One of the reasons we stored all of the pathnames and access parameters in an external file that could be turned into variables is that it simplified the change control or promote to production process. We could develop a QlikView report and the associated scripts on a development server and then easily move the report and scripts as files to the QA server or production server without any changes. The programs would run correctly after being promoted to QA or production because they picked up the appropriate pathnames and database access variables info from the comma-delimited file stored on the new server.

We name a lot of our files with a yyyymmdd datestamp in the filename, for example “20081126_NorthRegion.dat”. It’s easy to create today’s yyyymmdd date in the .bat script as a variable with this script line:
FOR /F "tokens=1-4 delims=/- " %%A in ('date/T') do set TTDATE=%%D%%B%%C

Then it can be used in the .bat script as part of a filename like this:
COPY CURRENT.DAT %TTDATE%_NorthRegion.dat

Tuesday, December 2, 2008

Loading Variables Via Loadscript

You have two basic alternatives if you want to load document variables from a database or file. You can load them as part of the loadscript as you load data for reporting, or, you can load them through a macro script either within the QlikView document or external to the document.

In order to load variables from a database or file you must first have the variable names and the variable contents defined in the database table or in the file. The file might be a spreadsheet or text file but it must have one column or field defined for the variable names and a second column or field defined for the variable contents.

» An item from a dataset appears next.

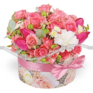 Стандартный: роза кустовая кремовая - 4 шт., тюльпан розовый - 11 шт., статица желтая, статица фиолетовая, оазис, упаковка. Примерный размер 25Х25 см.
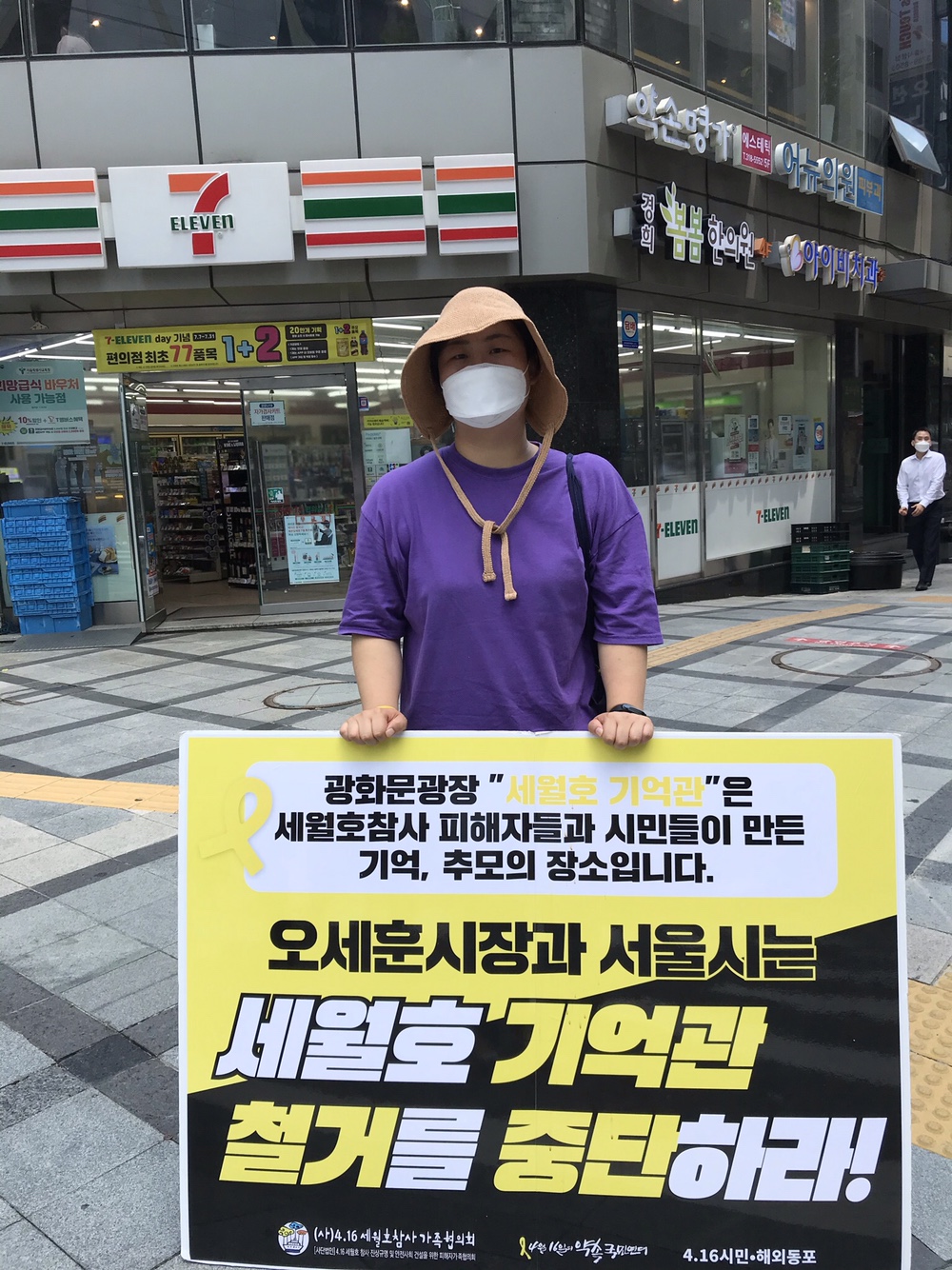 기억관 철거에 반대하는 시민들이 이렇게 목소리를 내고 있지만 서울시는 여전히 광화문 광장 공사를 핑계로 7월 26일(월)에 세월호 기억관을 철거하겠다고 통보했습니다. 그래서 월요일 철거 전, 토일월 광화문광장 기억관 일대에서 릴레이 1인 시위를 진행한다고 합니다. 더운 날씨이지만 할 수 있는 만큼 조금씩 참여해주시면 어떨까요?

Within the QlikView loadscript you first load the variable names and contents into a QlikView table. From a database you might code it something like this:

RPT_VARS:
SQL SELECT
VAR_NAME,
VAR_VALUE
FROM REPORT_VARIABLES;

Then insert some code like this to convert the table into document variables:

Let RowCount = NumMax(NoOfRows('RPT_VARS'),0)-1;
For i=0 to '$(RowCount)'
  Let TempVarName = peek('VAR_NAME',$(i),'RPT_VARS');
  Let TempVarValue = peek('VAR_VALUE',$(i),'RPT_VARS');
  Let $(TempVarName) = '$(TempVarValue)';
  next

//If the table is no longer needed it can be dropped
Drop table RPT_VARS;

Note the NumMax function. That is necessary if the RPT_VARS table were ever empty; a null RowCount variable will cause a never-ending loop.

At work we have some reports where all of the expressions and titles and field labels are handled with variables. This allows us to use the same report at several different companies but the appearance and functionality of the report is tailored to local terminology and business practice. Another way to use this concept might allow the same report at a single company to look and work differently when it loads data from different databases that contain different sets of customized variables. So, a standard sales report could look different for the Commercial Division than it does at the Baked Goods Division.